PoPs (Points of Presence): CDN PoPs (Points of Presence) are strategically located data centers responsible for communicating with users in their geographic vicinity. Their main function is to reduce round trip time by bringing the content closer to the website's visitor. Each CDN PoP typically contains numerous caching servers.
Caching servers: Caching servers are responsible for the storage and delivery of cached files. Their main function is to accelerate website load times and reduce bandwidth consumption. Each CDN caching server typically holds multiple storage drives and high amounts of RAM resources.
SSD/HDD + RAM: Inside CDN caching servers, cached files are stored on solid-state and hard-disk drives (SSD and HDD) or in random-access memory (RAM), with the more commonly-used files hosted on the more speedy mediums. Being the fastest of the three, RAM is typically used to store the most frequently-accessed items.
Reverse proxy
Receiving a user connection request
Completing a TCP three-way handshake, terminating the initial connection
Connecting with the origin server and forwarding the original request
Forward proxy
Block employees from visiting certain websites
Monitor employee online activity
Block malicious traffic from reaching an origin server
Improve the user experience by caching external site content
CDN using reverse proxy servers
Content caching: Reverse proxies are placed in several geographically dispersed locations, where mirror versions of website pages are compressed and cached. This facilitates rapid content delivery based on client geolocation, helping to reduce page load times and improve your user experience.

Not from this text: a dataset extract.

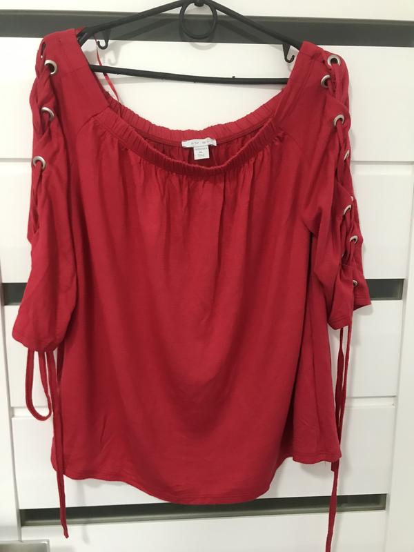 Червона кофтина, на рукавах завязки Резинка зверху, можна опускати плечика, приємний матеріал до тіла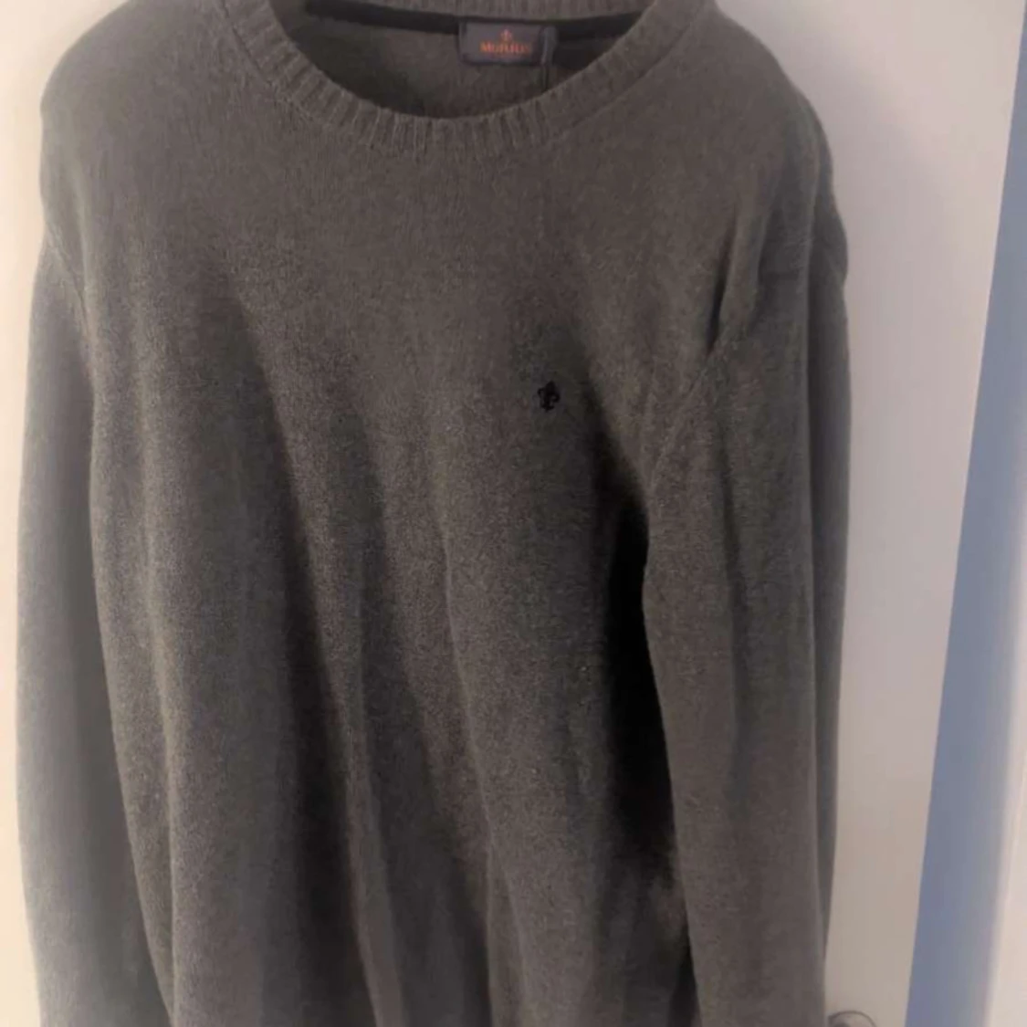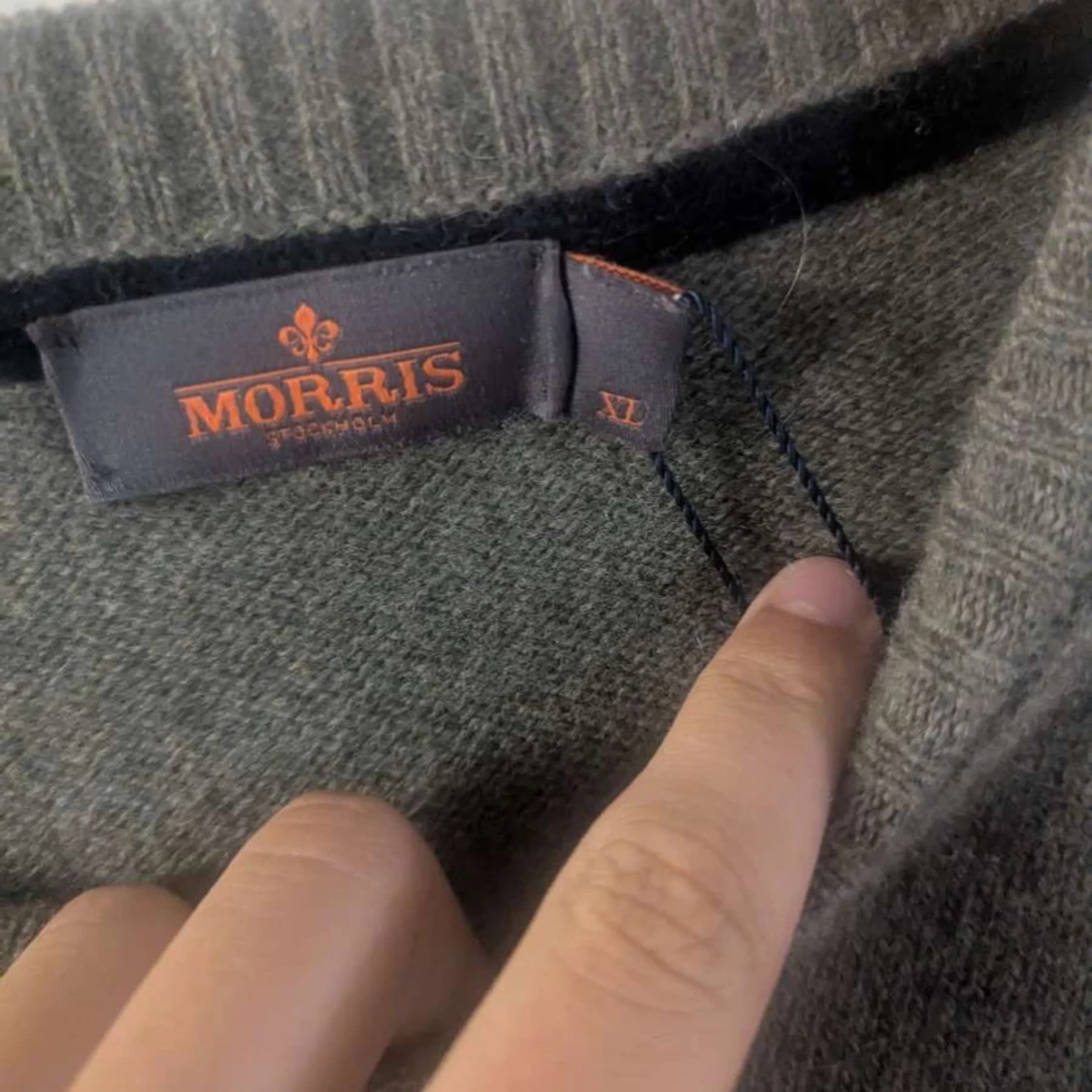 Mysig grå stickad tröja från Morris i storlek XL. Klassisk rund halsringning och diskret broderad logga på bröstet. Perfekt för lager-på-lager och passar till både jeans och chinos. Materialet är mjukt och värmande ull.

Traffic scrubbing: Prevent DDoS & security threads from outside. Located in front of your backend servers, reverse proxies are ideally situated to scrub all incoming application traffic before it's sent on to your backend servers.
IP masking: When routing your incoming traffic through a reverse proxy server, connections are first terminated by the proxy and then reopened with the backend server. From your users' perspective, their requests are resolved via the proxy IP.

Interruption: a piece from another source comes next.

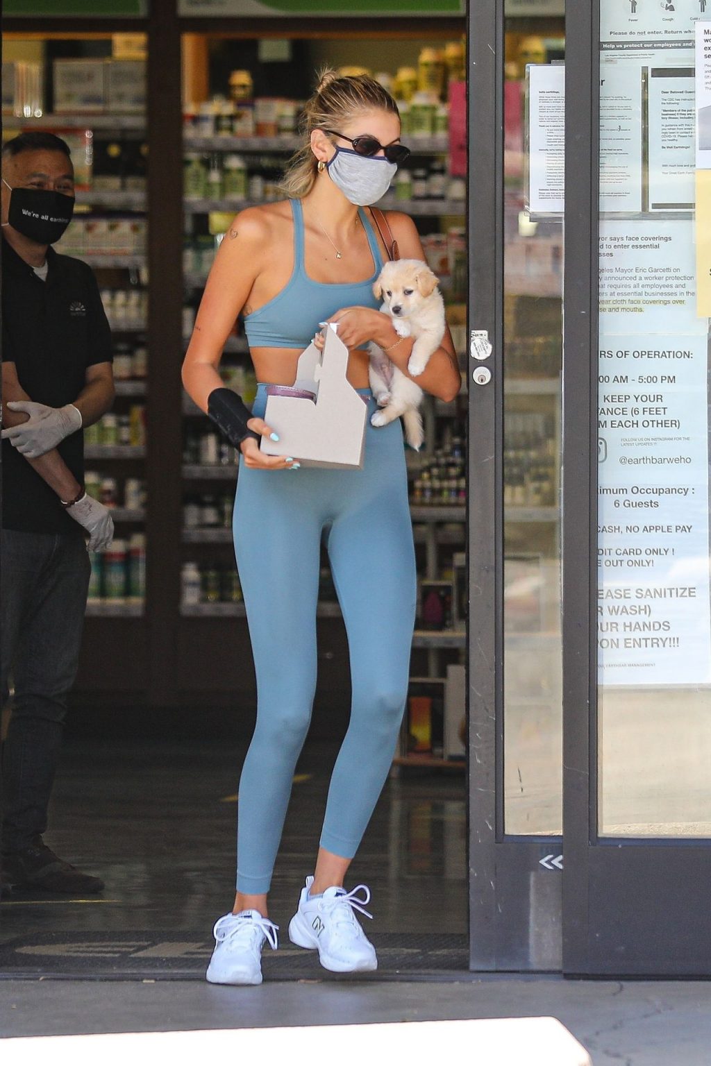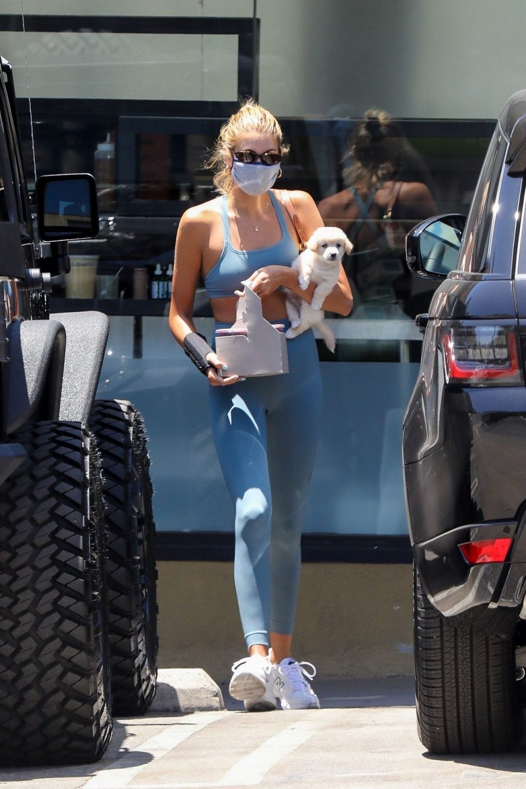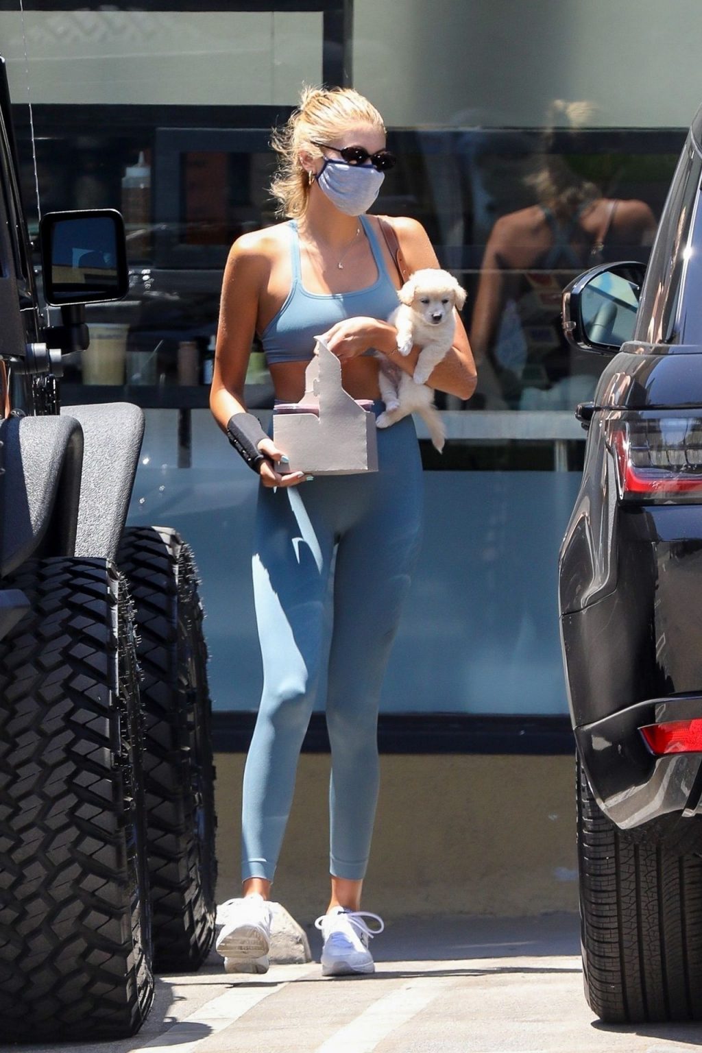 Kaia Gerber leva seu cachorrinho para tomar um suco após um treino na academia para cães, 07/07/2020. Kaia Gerber tem cuidado de cachorrinhos em sua residência em Malibu enquanto se autoisolava durante a pandemia do coronavírus.

Load balancing: Because reverse proxy server are the gateway between users and your application's origin server, they're able to determine where to route individual HTTP sessions. For applications using multiple backend servers, this means the reverse proxy can efficiently distribute the load, thereby improving overall user experience and helping ensure high availability. In the event that a server goes down, reverse proxies act as a failover solution, rerouting traffic to ensure continued site availability.
2. CDN Architecture
Four pilliar of CDN: Performance (location, low-latency, high bandwidth), Scalability (high bandwidth resource, DDoS protection), Reliability (high availability, no single point failure), Responsiveness (quick configuration propagation, sync)
Caching: HDD<SSD<RAM
Topology: The Scattered CDN, The Consolidated CDN (mainly about cost/DDoS)
3. CDN caching
static file: image/videos/music/javascript/css (cu down cost/improve user experience/reliable delivery)
caching header: Web developers use HTTP cache headers to mark cacheable web content and set cache durations. Using cache headers, you can control your caching strategy by establishing optimum cache policies that ensure the freshness of your content. For example: "Cache-Control: max-age=3600" means that the file can be cached for no longer than an hour before it must be refetched from the origin content.
cache control
Cache-Control: public – enables caching by public platforms such as CDNs.

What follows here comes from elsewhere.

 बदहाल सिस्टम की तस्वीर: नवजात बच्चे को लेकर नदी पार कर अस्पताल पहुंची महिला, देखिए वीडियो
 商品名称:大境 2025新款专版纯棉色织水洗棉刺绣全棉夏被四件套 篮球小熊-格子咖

Cache-Control: private – reserved for private information that is designated non-cacheable.
Cache-Control: no-cache – requires validation before caching.
Expires: Similar to Cache-Control: max-age, sets the time of content expiration and removal.
Surrogate: Gives you increased control over cache policies, acting with the authority of the origin server.
Etag: Provides your cached web content with unique identifiers, enabling individual labeling and more sophisticated sorting.
Pragma: Largely supplanted by Cache Control, Pragma was previously used to handle caching instructions for browsers.
Vary (use with caution): Some browsers still struggle with supporting the Vary header. When used properly, Vary can be a powerful tool for managing delivery of multiple file versions, especially for compressed files cached alongside their uncompressed counterparts.